PWC 195 - Task 1 - PL/Perl Implementation
Same implementation of the Raku approach, but with the usage of anonymous subroutines to do the Bag-like stuff.CREATE OR REPLACE FUNCTION
pwc195.task1_plperl( int, bool default true )
RETURNS int
AS $CODE$
my ( $n, $verbose ) = @_;
my @special_integers;
my $baggify = sub {
my ( $n ) = @_;
my $bag = {};
for my $digit ( split '', $n ) {
$bag->{ $digit }++;
}
return $bag;
};
my $has_no_repetitions = sub {
my ( $bag ) = @_;
for ( keys $bag->%* ) {
return 0 if $bag->{ $_ } != 1;
}
return 1;
};
for ( 1 .. $n ) {
push @special_integers, $_ if ( $has_no_repetitions->( $baggify->( $_ ) ) );
}
elog( INFO, "Found: " . join( ',', @special_integers ) ) if ( $ verbose );
return scalar @special_integers;
$CODE$
LANGUAGE plperl;
The
$baggify routine produces a bag like hash, and the $has_no_repetitions consides the computed bag and returns a false value if any of the values within the bag is greater than one.
With these two simple functions, it is now straightforward to push every number into the @special_integers array and then return the count of the elements in the array.
PWC 195 - Task 2 - PL/Perl Implementation
This is a different approach than the Raku one.CREATE OR REPLACE FUNCTION
pwc195.task2_plperl( int[] )
RETURNS int
AS $CODE$
my ( $array ) = @_;
# extract only evens
my @evens = grep { $_ % 2 == 0 } $array->@*;
# classify frequency
my $bag = {};
$bag->{ $_ }++ for ( @evens );
# sort by frequency and value
my @sorted_bag =
map { $_->[1] }
sort { $a->[0] <=> $b->[0] || $a->[1] <=> $b->[1] }
map { [ $bag->{ $_ }, $_ ] } keys $bag->%*;
# the first value in the list is the
# one with the max frequency and the lowest value
return $sorted_bag[ 0 ];
$CODE$
LANGUAGE plperl;
First of all, I
grep even numbers out of the incoming array, and then classify using a bag like hash.
Then I do use the Schwartz Transform to sort the bag by means of the frequencies and the values.
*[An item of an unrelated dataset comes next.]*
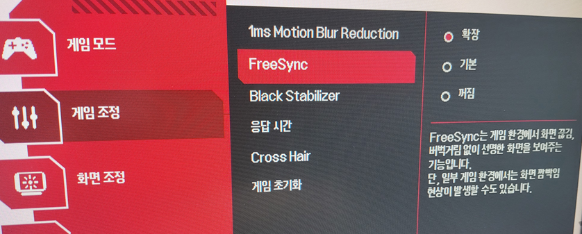 - 모니터 OSD에서도 Adaptive Sync ON 확인

In fact, in the sort step I compare first the frequencies, and in the case they are the same the or part compares the values. The result is an array of numbers sorted by frequencie and from the lowest to the biggest.
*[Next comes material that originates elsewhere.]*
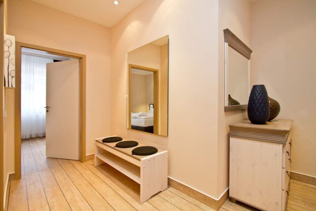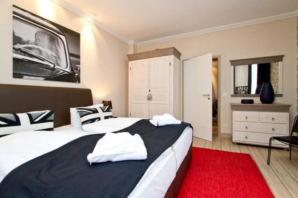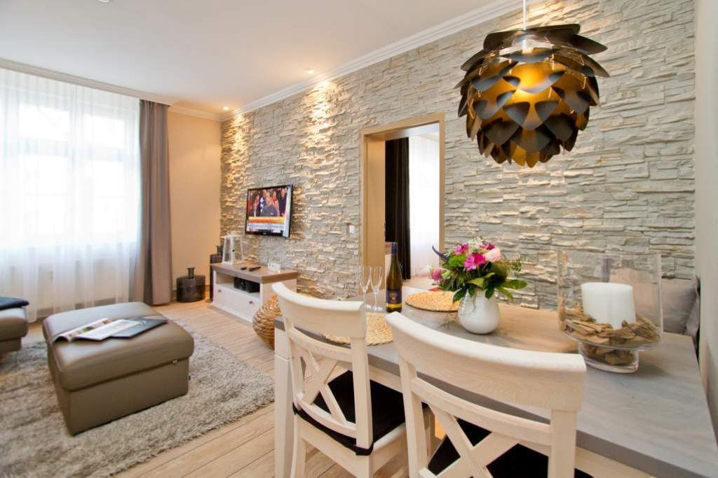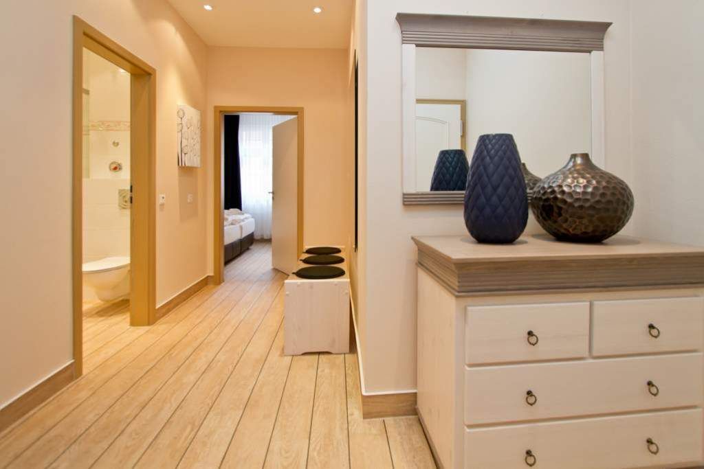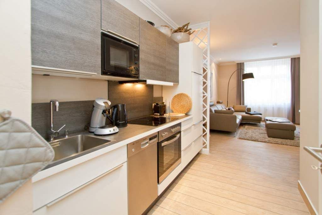 Im Frühjahr 2014 komplett renoviert und umgestaltet, empfängt Sie jetzt eine wunderschön gestaltete 3-Raum-Ferienwohnung im Hochparterre ( 68 qm für 4 Erwachsene und ein Kleinkind bis 3 Jahre im Kinderreisebett). Die moderne, stylische Einrichtung und die geschmackvoll abgestimmten Farben, Stoffe und Dekorationen lassen keine Urlaubswünsche offen. Das Wohnzimmer ist mit einer Ledersitzgruppe und Flat-TV ausgestattet, die offene Küche wird durch den gemütlichen Essplatz ergänzt. 2 Schlafzimmer mit Boxspringbetten 1,80 m x 2,00 m ( 1x mit zusätzlichem Flat-TV) und ein Bad mit Dusche und WC komplettieren das schöne Appartement. Pkw-Stellplatz (Nr.16) in der Doppelparker Garage unten (max. PKW-Höhe 1,50 m, PKW Länge max. 5,00m/ Gewicht max. 2t). Auf Wunsch stellen wir für unsere kleinen Gäste ein Kinderreisebett (ohne zusätzliche Matratze & Bettzeug) und einen Kinderhochstuhl ( gegen einen Aufpreis) zur Verfügung. Für Ihren Komfort sind die Betten bei der Anreise bezogen und Handtücher liegen bereit.

Therefore, it does suffice to return the first value of such array to complete the task.
PWC 195 - Task 1 - PL/PgSQL Implementation
A similar implementation to the Raku one.CREATE OR REPLACE FUNCTION
pwc195.task1_plpgsql( n int )
RETURNS int
AS $CODE$
DECLARE
i int;
freq int;
counter int := 0;
BEGIN
FOR i IN 1 .. n LOOP
SELECT count(*)
INTO freq
FROM regexp_split_to_table( i::text, '' ) as n(d)
GROUP BY d
ORDER BY 1 DESC;
IF freq = 1 THEN
counter := counter + 1;
END IF;
END LOOP;
RETURN counter;
END
$CODE$
LANGUAGE plpgsql;
I use
regexp_split_to_table to split a number into its digits, and then I count the frequency of every digit. If such frequency is different than one, I skip, otherwise I add it to the counting of the special integers.
The idea is that the SELECT counts the frequency, so I order it descending having the max value stored into freq and therefore if such value is one it means all the digits appear only one, otherwise there are repetitions.
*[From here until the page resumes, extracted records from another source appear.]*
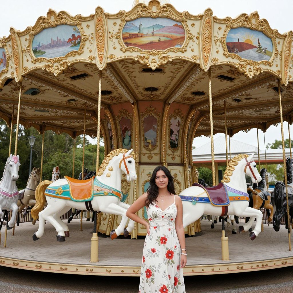 Photograph of a smiling woman in a white floral dress standing in front of an ornate, vintage carousel with colorful horses.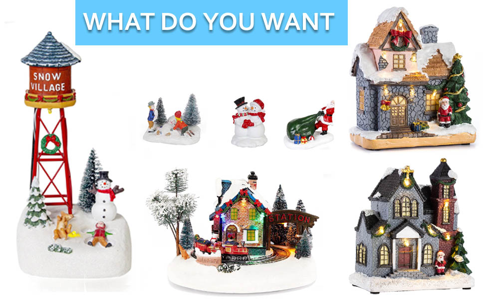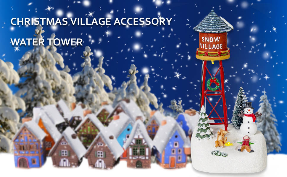 Lighted Snow Village Water Tower Christmas Decor with Snowman, innodept12, MOQ 480pcs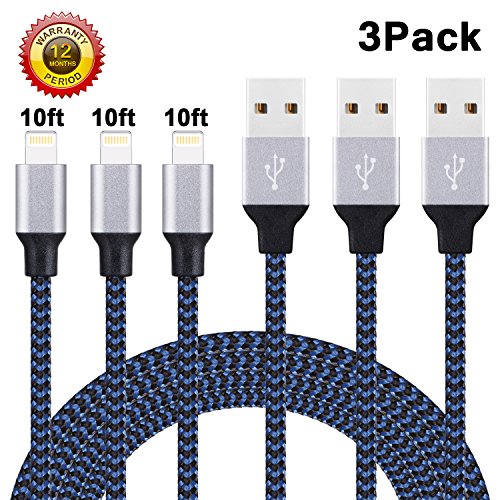 -. Title : iPhone Charger, Atill Lightning Cable 3Pack 10FT Nylon Braided iPhone 8Pin Lightning Charging & Sync Charger Cord for iPhone7 7Plus 6s 6sPlus 6 6Plus SE 5 5S 5C iPad iPod & More (BlackBlue)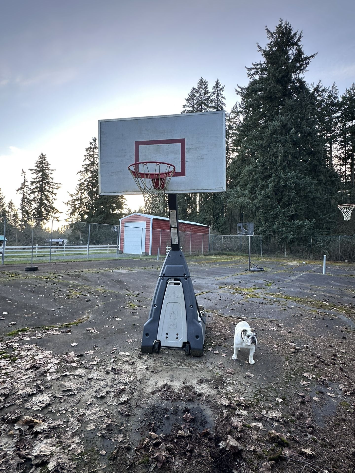 Adjustable height, weighted base fills with water or sand. Has wheels to move or roll. Changeable net. Free rolling ball rack holds 15 basketballs.

PWC 195 - Task 2 - PL/PgSQL Implementation
Here I use a temporary table to store the values and their repetitions.CREATE OR REPLACE FUNCTION
pwc195.task2_plpgsql( list int[] )
RETURNS int
AS $CODE$
DECLARE
current int;
BEGIN
CREATE TEMPORARY TABLE IF NOT EXISTS nums( v int, f int default 1, primary key( v ) );
TRUNCATE TABLE nums;
FOREACH current IN ARRAY list LOOP
INSERT INTO nums AS frequency
SELECT current, 1
ON CONFLICT (v)
DO UPDATE SET f = frequency.f + 1;
END LOOP;
SELECT v
INTO current
FROM nums
WHERE v % 2 = 0
ORDER BY f DESC, v ASC
LIMIT 1;
RETURN current;
END
$CODE$
LANGUAGE plpgsql;
Note that I use an
UPSERT to store the frequencies of every value.
Then, a single SELECT does suffice to extract all even numbers, sort by their frequency and value. The first item returned is the one the task was searching for.